Damn, she was perceptive. She was right. That day when I was holding onto her like a lifeline I was grieving all things Carter.
"But he wasn't there."
"No, he wasn't. But, Delaney, he wasn't out fuckin' about with his friends, leaving you to it. He was deployed. I started to understand in the hospital how much you loved him. When I saw him at Nick and Meadow's house, and you didn't see it because you were already out the door, all I saw was concern and love. Then when you bolted, confusion and hurt." Mercy paused then went on. "That night after I got you sorted and went home, Carter was at my house talking to your brother. I was fully prepared to tell him to screw off. But I couldn't. He was a mess and begging me to tell him what was wrong. Outside of Jason I've never seen a man look so devastated. I understood then how much he truly loved you and he was struggling. I don't agree with what he's done, being stupid and pushing you away. But, honey, I understand."
"You never told me he was there," I accused.
"No, I didn't. And I've never told you I've heard Jason on the phone with him. When you won't answer, he calls your brother to check on you."

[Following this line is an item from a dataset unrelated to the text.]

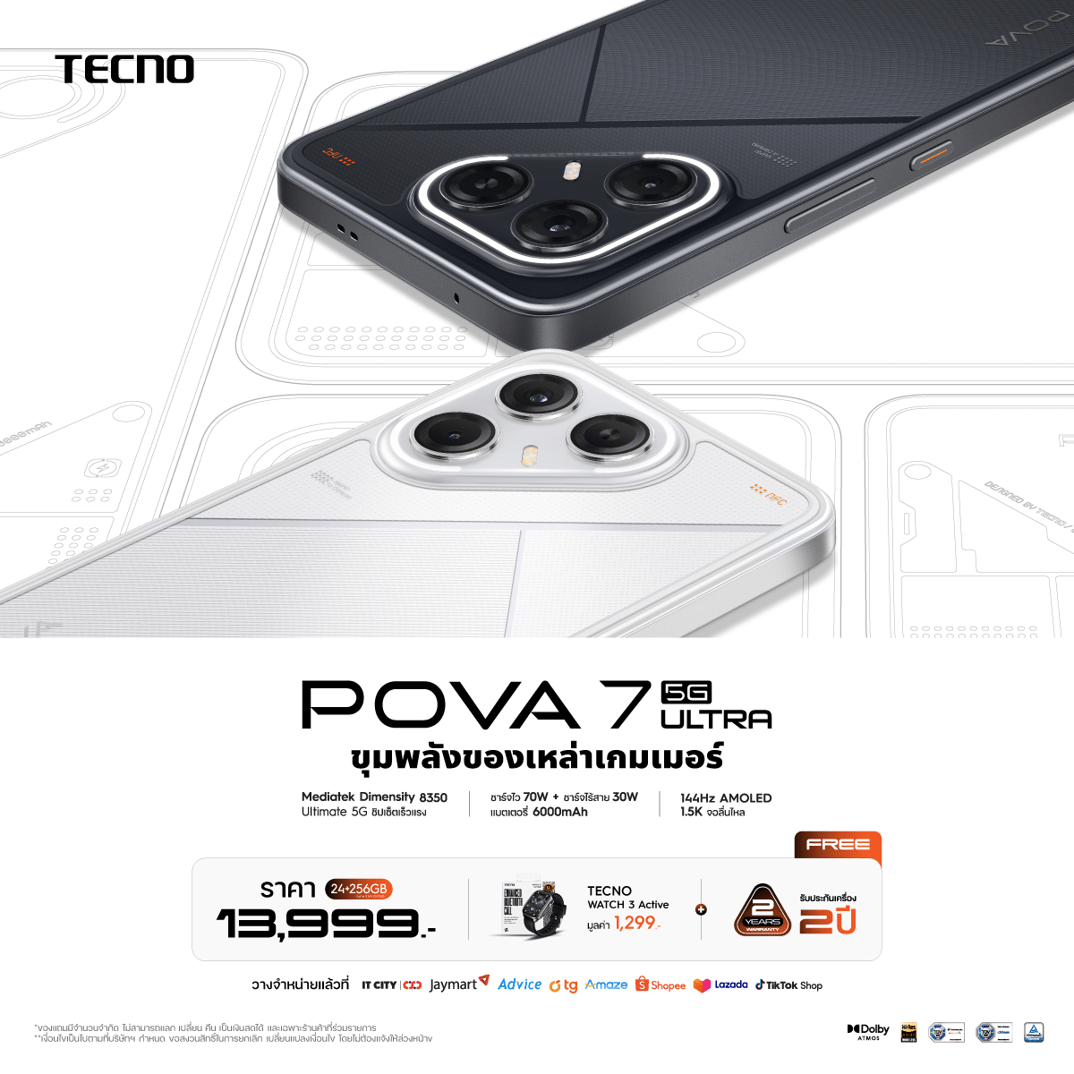 TECNO POVA 7 Ultra 5G มีให้เลือกทั้งหมด 2 สี คือ สีขาว Greek White และสีดำ Greek Black มีราคาในรุ่น 12GB + 256GB อยู่ที่ 13,999 บาท พร้อมรับฟรี ! ประกันตัวเครื่อง 2 ปี และ TECNO Active Watch 3 มูลค่า 1,299 บาท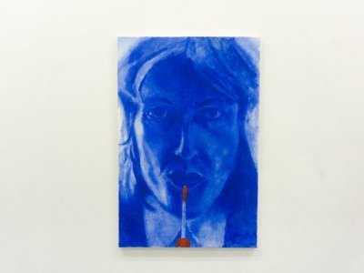 En périphérie du genre et de ses stéréotypes, Lucas Loop déploie des autoportraits mettant en scène sa propre fluidité. Les trais de son visage et de son corps deviennent des motifs qu’il invoque dans sa peinture à chaque fois sous une forme nouvelle. En passant d’un tableau monochrome noir brillant où l’on se voit plus qu’on ne regarde, à une toile saturée de couleur, il nous surprend comme pour nous interdire de savoir quoi penser de son visage ou de sa peinture. Ainsi on naviguera en quête de ses traits. On les trouvera parfois entrelacés, parfois floutés ou bien encore de face nous regardant droit dans les yeux, noyé dans le bleu.

"But why now? How can I trust him?"
That was a huge issue for me. What if we started over and he pulled away again? I wouldn't survive him leaving me. Not again.
"Can't answer the why now," she told me, then asked, "Why did your brother fight his feelings for me, then decide to be with me, then leave me and break my heart, only to want me back?"
"Not the same thing. Jason pulled his head out of his ass within weeks. Carter's had eight years."
And I wasn't going to mention my brother's head was screwed up after his first wife died of cancer. It wasn't only Mercy he'd cut out—for two years he'd stayed locked in his head and refused to allow any of us to get close. Then he found Mercy, and she worked miracles and gave my brother something so special he'd come back to the living.
"You're right; you and Carter have been dancing around this a long time. But when Jason came back, I had to trust him that he wouldn't leave me again. Let me ask you this, do you wanna hold on to your fear or do you want to be happy?"
"I…um…."
"Tuesday asked me that same question. Then I returned the favor when she wouldn't let Jackson in. Now I'm asking you. Think about it, will you regret not giving the two of you the chance to find happiness? In a year from now will you be lying in your bed wondering what if?"
"Yes," I whispered.
"Then take the chance."
"But—"
"No buts. Go slow, go smart, go with your heart. Just take the chance. He loves you, Delaney. I wouldn't be giving you this advice if I didn't know it."
"I don't think Carter wants to go slow and I don't think I can," I blurted out.
"I didn't really think slow was an option. I've seen Carter." She giggled. "Tuesday also told me if Jason hurt me again, she'd buy a pig farm in Montana and feed your brother to her swine. Just thinking out loud, Carter may be a little more difficult to take down, but I think we could do it."
"Thanks," I whispered.
It felt good to talk to Mercy. I had a lot of friends, most of them through work, none of them I could talk to about this. I loved my little sisters, but I hadn't been honest with them about Carter over the years and they wouldn't understand without a weeklong explanation about the last eight years.
"This is what friends do. What family does. I'm always here to listen," she returned. "So you gonna go for it?"
"He's picking me up tomorrow at six for our first date."
My declaration was met with Mercy's very loud laugh. It took her a minute to recover and while she was belting out her hilarity I sat back and smiled.
I still wasn't a hundred percent sure about Carter's crazy plan, but what I was sure about was, if I didn't take the chance not only would I be lying awake in my bed one year from now, I'd regret it for the rest of my life.